Menteri Pendidikan Tinggi, Sains, dan Teknologi (Mendiktisaintek), Brian Yuliarto
Menteri Pendidikan Tinggi, Sains, dan Teknologi (Mendiktisaintek), Brian Yuliarto (foto : Humas)

JAKARTA, Inibalikpapan.com – Menteri Pendidikan Tinggi, Sains, dan Teknologi, Brian Yuliarto, mengungkapkan mayoritas praktik kecurangan dalam Seleksi Nasional Berdasarkan Tes (SNBT) 2026 terjadi pada program studi kedokteran.

Temuan tersebut menjadi perhatian serius pemerintah karena praktik joki hingga manipulasi dinilai merusak integritas seleksi nasional masuk perguruan tinggi.

“Sebagian besar, bahkan hampir 99 persen kecurangan terjadi di fakultas kedokteran,” ujar Brian dalam konferensi pers di Jakarta, Senin (25/5/2026), dilansir dari laman ileague.

Menurutnya, pemerintah kini melakukan identifikasi secara mendalam untuk memutus rantai kecurangan agar tidak kembali terulang pada pelaksanaan SNBT mendatang.
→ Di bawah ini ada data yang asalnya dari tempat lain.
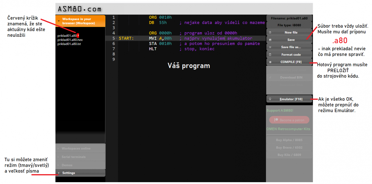 Programy, ktoré vidíte na tejto stránke sa nedajú jednoducho skopírovať do simulátora cez Copy/Paste, pretože si myslíme, že naučiť sa to dá len tak, že si tie programy sami napíšete krok za krokom aby ste vedeli čo ktorá inštrukcia robí.
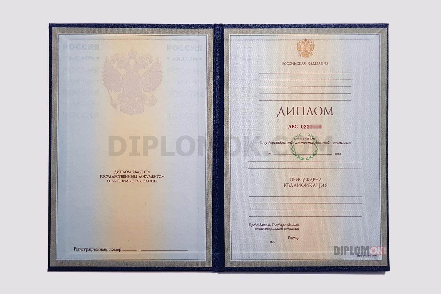 Покупая диплом специалиста, вы получаете заполненный документ, состоящий из твердой обложки синего цвета, непосредственно бланка диплома и приложения к нему. При покупке Вы можете выбрать любой ВУЗ Москвы и других городов России и указать любую подходящую Вам специальность (если она есть в учебном заведении). То, как будет выглядеть Ваш диплом, зависит от предполагаемого года выдачи диплома специалиста. Образцы, в зависимости от периода, представлены ниже! Для подробного изучения дипломов по годам кликните по соотвествующим ссылкам!
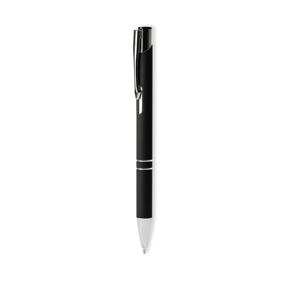 Ball pen with soft touch metal body and pusher with anodized finish.
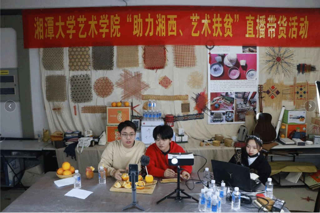 学院随即成立了非遗研究团队开展文化创意产业研究,助力“精准扶贫”。在艺术扶贫的道路上,学院师生为湘西本顺竹编、脐橙、山泉水、茶叶、湘乡非遗烘糕等多个产品进行新媒体营销推广、创意装置设计等,大大提高了原生态产品的品牌价值与文化效应。学院的人才培养质量、课程体系建设、学生创新创业能力培养均得到了大幅提升。
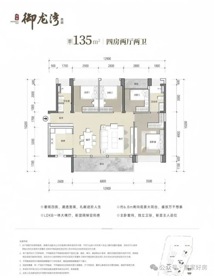 135㎡4房2卫,设计的是横厅南北通透格局,客餐厅开间6.8米,LDKB一体化设计,四开间朝南,U型厨房,公卫三段式分离设计,得房率约79.25%(不含赠送),阳台主朝东南或西南向,加上赠送得房率约90%
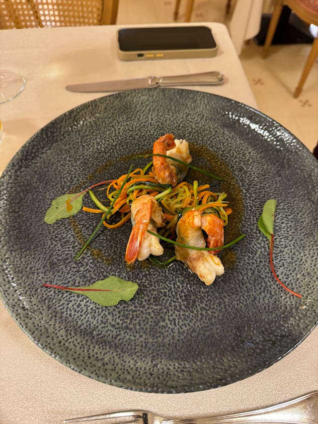 Fagottini di pasta all’uovo fritti, farciti con formaggio di capra, scampi, aceto balsamico e miele
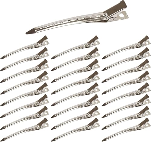 Lonimia - Duck Bill Hair Clips, 25 Pcs 3.5 Inch Rustproof Metal Alligator Curl Clips with Holes for Hair Styling, Hair Coloring, Thick Hair Sectioning, Salon, Bows DIY, Silver (25 Pcs, 3.5in Silver)
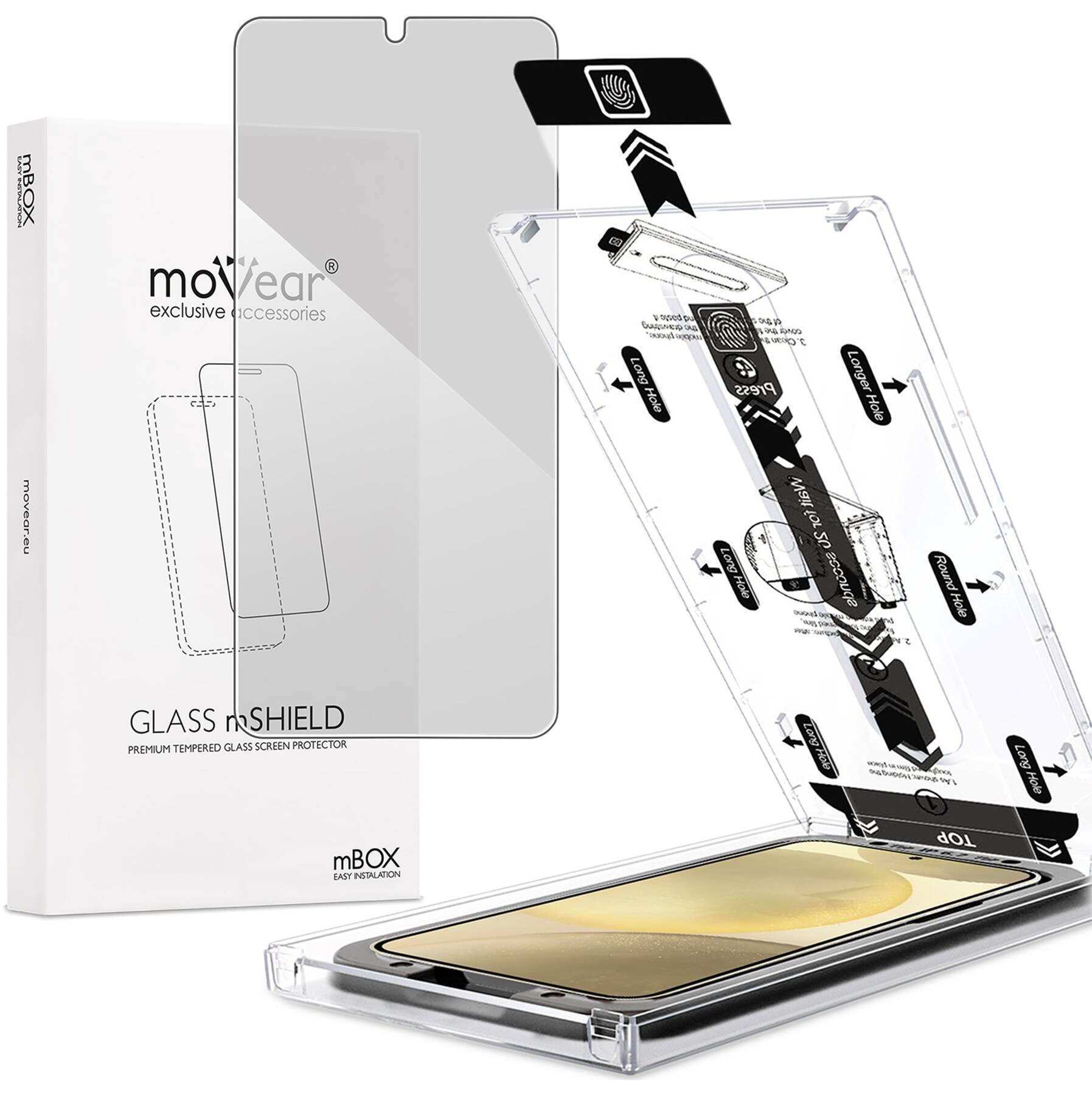 moVear mBOX GLASS mSHIELD 2.5D privacySzkło hartowane na Samsung Galaxy S25+ / S24+ (Plus) (6.7"), z systemem łatwego montażu

Brian menegaskan, tidak ada toleransi terhadap praktik curang dalam proses seleksi nasional karena hal tersebut merugikan peserta lain yang mengikuti ujian secara jujur serta mencederai nilai-nilai pendidikan.

“Ini menyangkut keadilan. Kalau ada yang lulus dengan cara curang, berarti ada yang dirugikan. Ini tidak sesuai dengan pembangunan karakter bangsa,” tegasnya.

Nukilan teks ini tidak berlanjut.